À l’occasion de l’hommage rendu à la truffe noire, Maison Albar - L’Imperator et son chef multiplement étoilé, Pierre Gagnaire, présentaient un travail autour du diamant noir à travers deux dîners exclusifs proposés aux clients à L’Impé et au Duende.

Attaché à la région et à ses produits qu'il sublime dans ses plats, Pierre Gagnaire, l'un des visages les plus emblématiques de la gastronomie française, est le chef d'orchestre des trois lieux de restauration de l'Imperator et signe de son talent leurs cartes.

Alexandre Brusquet (chef pâtissier), Pierre Gagnaire, Kévin Kowal et Davide Dalle (Photo Anthony Maurin)
Alexandre Brusquet (chef pâtissier), Pierre Gagnaire, Kévin Kowal et Davide Dalle (Photo Anthony Maurin)

Il vous transporte dans son univers pour une expérience culinaire unique : une cuisine maîtrisée avec talent, pratiquée avec passion et sincérité. Il s'accompagne de Kévin Kowal, chef exécutif des cuisines de la Maison, qui poursuit le travail de proximité avec les producteurs et artisans locaux initié par L'Imperator.

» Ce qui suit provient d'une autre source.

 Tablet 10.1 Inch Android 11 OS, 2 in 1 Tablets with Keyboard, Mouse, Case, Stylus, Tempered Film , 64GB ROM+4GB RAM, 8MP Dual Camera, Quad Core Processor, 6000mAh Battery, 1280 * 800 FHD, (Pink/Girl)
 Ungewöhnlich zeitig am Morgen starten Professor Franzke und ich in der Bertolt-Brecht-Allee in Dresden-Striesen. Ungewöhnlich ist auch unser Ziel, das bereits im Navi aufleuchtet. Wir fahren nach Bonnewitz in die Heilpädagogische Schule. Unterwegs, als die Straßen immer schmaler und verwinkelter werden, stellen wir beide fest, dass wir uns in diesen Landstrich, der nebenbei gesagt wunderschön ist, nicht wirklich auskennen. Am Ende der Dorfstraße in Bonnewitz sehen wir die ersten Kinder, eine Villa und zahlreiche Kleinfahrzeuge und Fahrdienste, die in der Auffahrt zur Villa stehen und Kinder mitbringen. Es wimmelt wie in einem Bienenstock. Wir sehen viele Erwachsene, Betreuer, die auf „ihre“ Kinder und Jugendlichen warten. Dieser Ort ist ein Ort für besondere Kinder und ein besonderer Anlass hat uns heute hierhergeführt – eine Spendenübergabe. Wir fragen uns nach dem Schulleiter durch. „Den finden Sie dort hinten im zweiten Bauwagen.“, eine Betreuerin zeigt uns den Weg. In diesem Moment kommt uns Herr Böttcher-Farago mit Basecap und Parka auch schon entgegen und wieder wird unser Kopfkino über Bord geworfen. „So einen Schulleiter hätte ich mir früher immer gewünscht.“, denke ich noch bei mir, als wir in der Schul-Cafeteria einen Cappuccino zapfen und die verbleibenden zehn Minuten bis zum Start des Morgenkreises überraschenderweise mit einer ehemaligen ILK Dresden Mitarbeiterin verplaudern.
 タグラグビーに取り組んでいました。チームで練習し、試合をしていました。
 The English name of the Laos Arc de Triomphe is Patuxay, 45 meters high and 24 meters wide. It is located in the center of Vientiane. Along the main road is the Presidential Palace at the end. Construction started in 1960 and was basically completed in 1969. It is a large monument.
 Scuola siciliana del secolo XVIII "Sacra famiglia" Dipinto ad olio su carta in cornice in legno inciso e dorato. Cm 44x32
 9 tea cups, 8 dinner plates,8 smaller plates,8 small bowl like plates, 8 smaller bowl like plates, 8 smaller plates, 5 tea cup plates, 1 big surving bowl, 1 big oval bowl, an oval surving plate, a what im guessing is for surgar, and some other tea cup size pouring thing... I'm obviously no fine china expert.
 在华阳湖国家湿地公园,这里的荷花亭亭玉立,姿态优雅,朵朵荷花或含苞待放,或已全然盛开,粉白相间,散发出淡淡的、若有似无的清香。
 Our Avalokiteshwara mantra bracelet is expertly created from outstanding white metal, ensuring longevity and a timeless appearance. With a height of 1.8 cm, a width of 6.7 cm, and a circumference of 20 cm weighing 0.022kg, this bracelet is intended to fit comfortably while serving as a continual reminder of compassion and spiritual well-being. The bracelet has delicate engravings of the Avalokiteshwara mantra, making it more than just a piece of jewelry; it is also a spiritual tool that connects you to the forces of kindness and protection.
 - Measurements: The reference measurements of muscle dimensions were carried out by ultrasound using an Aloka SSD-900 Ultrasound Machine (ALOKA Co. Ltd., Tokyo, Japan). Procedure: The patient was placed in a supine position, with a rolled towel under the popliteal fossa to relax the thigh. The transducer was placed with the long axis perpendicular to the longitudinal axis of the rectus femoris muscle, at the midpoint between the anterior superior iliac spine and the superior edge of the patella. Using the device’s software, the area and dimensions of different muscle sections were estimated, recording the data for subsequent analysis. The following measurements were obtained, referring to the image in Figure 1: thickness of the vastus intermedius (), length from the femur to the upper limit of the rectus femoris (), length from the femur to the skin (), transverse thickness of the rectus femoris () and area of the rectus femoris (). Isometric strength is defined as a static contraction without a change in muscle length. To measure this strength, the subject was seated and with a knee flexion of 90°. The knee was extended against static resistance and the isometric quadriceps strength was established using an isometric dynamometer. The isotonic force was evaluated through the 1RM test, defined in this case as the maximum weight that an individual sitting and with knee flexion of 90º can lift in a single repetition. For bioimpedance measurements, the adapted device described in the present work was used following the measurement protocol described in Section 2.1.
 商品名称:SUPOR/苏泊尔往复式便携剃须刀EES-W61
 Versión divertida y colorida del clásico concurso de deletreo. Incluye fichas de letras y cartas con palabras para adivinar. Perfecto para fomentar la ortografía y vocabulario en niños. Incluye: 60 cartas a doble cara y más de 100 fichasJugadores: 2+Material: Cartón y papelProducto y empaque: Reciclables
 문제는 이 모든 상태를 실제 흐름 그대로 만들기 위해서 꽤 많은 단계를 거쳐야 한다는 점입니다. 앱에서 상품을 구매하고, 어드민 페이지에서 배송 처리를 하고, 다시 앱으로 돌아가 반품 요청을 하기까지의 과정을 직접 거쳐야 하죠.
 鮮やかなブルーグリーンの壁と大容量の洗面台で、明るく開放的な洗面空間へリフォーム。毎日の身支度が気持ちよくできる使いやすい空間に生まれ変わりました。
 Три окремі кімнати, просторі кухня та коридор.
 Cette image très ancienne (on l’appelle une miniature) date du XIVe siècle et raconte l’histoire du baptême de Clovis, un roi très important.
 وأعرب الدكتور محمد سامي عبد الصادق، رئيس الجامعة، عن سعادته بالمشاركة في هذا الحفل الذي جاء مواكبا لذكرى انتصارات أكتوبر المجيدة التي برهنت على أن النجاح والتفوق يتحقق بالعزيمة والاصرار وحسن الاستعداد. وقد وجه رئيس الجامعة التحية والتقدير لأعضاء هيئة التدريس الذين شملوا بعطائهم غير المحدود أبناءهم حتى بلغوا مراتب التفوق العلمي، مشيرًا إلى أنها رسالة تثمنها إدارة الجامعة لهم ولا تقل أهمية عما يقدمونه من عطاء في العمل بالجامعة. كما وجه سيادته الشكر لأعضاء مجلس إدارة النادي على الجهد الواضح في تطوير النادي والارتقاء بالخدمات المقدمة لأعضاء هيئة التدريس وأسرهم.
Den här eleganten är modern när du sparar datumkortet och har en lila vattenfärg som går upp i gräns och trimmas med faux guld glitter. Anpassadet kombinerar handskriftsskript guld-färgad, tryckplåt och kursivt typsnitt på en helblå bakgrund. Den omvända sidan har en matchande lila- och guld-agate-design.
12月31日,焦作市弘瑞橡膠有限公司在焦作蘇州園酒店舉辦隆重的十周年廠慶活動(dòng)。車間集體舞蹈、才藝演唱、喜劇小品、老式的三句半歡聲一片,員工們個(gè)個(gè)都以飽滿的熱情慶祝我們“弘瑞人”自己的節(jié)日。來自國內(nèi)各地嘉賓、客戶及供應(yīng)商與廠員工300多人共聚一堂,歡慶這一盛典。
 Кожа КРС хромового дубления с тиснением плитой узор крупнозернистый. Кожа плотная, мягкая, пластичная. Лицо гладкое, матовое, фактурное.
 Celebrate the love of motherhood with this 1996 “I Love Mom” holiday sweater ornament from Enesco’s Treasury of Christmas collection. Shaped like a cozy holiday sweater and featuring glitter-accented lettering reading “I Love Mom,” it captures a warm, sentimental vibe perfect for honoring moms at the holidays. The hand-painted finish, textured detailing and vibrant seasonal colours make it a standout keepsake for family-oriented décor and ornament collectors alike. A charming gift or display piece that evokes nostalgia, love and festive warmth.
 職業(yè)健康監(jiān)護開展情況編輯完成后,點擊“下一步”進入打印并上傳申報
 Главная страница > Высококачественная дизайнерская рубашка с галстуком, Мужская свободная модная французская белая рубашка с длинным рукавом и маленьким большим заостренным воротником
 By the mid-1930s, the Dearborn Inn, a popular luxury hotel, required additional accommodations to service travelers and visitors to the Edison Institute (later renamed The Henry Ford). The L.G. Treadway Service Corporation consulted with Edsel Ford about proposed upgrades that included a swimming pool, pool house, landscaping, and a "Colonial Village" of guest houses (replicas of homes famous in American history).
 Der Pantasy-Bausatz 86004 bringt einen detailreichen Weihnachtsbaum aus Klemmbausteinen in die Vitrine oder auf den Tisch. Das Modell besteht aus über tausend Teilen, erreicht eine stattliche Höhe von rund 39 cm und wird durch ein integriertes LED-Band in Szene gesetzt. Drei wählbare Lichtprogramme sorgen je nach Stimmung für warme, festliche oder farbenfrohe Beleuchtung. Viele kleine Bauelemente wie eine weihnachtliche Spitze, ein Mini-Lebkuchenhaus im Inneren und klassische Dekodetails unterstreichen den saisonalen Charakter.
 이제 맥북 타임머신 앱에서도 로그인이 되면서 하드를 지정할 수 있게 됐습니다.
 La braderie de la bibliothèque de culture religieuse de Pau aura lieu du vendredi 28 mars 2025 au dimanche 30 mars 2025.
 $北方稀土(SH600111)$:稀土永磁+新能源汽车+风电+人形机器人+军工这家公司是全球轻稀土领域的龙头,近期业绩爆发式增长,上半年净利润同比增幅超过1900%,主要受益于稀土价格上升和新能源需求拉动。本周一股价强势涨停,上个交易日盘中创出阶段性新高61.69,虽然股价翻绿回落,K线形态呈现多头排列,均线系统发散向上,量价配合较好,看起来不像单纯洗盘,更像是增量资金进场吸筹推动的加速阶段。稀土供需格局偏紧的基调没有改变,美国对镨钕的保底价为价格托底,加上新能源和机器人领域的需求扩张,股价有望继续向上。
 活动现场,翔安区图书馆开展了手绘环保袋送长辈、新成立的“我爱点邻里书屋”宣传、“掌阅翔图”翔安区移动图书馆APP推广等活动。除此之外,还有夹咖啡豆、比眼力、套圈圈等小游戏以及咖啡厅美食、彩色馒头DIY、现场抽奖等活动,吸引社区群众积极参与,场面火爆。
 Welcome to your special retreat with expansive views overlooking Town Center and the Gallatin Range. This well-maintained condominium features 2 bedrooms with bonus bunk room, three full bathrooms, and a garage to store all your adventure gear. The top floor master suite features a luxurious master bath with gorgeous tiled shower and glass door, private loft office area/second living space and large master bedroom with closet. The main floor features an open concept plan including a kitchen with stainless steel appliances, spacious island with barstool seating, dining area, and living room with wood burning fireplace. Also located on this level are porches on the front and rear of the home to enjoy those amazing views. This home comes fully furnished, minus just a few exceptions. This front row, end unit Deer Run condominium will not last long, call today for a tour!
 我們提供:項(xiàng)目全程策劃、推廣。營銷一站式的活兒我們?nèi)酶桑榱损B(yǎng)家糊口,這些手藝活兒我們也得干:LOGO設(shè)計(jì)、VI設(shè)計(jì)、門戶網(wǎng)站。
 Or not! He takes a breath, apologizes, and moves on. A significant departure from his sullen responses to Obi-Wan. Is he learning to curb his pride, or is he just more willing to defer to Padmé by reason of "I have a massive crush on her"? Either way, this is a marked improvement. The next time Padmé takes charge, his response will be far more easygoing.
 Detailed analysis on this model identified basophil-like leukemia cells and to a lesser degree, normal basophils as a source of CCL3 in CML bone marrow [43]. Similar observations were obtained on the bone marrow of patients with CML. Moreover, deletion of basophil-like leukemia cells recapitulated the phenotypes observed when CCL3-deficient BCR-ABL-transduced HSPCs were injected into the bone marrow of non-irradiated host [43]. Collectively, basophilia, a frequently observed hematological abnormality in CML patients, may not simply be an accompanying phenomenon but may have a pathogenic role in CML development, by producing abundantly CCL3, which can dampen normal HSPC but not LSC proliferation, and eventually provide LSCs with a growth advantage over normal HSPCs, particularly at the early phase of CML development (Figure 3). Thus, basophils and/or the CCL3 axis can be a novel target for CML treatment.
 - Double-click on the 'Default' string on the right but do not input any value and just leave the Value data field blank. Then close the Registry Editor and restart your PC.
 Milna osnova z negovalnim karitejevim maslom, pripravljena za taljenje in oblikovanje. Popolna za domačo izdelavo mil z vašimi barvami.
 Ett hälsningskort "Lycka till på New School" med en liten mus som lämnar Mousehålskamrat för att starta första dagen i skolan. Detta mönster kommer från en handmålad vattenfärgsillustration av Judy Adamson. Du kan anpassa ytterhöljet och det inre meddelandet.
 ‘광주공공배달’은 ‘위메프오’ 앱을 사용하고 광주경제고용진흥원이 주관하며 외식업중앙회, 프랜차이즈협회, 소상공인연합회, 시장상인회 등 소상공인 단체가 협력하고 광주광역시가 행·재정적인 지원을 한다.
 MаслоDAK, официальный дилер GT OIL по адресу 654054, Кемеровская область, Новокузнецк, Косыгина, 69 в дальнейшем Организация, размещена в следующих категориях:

À la brasserie L’Impé, Pierre Gagnaire et le chef Kévin Kowal ont imaginé un dîner exclusif pour célébrer ce produit d’exception à 105 euros par personne (hors boissons).

À l’apéritif ? Tartare de bœuf Richerenches, crème tonnato, tartelette de couteaux, pâté en croûte de ris de veau truffé, salade de mâche Demi-Deuil, daube de poulpe et fine escalope de muge du Grau-du-Roi, macreuse de bœuf Wagyu Périgueux, meringua tarta truffée et, pour finir, sorbet et marmelade d’agrumes, gelée de Muscat de Beaumes-de-Venise.

Avec plus de 40 ans d’authenticité, de créativité et d’engagement, l’emblématique chef Pierre Gagnaire, reconnu pour son admirable inventivité et la précieuse esthétique de ses mets, vous invite, au Duende, à un moment de partage autour du goût et d’une vision : celle des produits de qualité sublimés avec justesse et tendresse vous emportant dans un univers sensoriel aux saveurs infinies.

Dans la tradition hispanique, le Duende est un instant suspendu énigmatique et indéfinissable, provoquant un résultat d’enchantement et de perfection irréelle. C’est pour rendre hommage à cet héritage ibérique que Pierre Gagnaire vous invite à un voyage culinaire envoûtant et hors du temps. Dans chaque assiette est insufflé avec grâce et harmonie un supplément d’âme. La carte soignée du Duende vous emporte dans un tourbillon de saveurs et de sensations dirigé par un savoir-faire français unique.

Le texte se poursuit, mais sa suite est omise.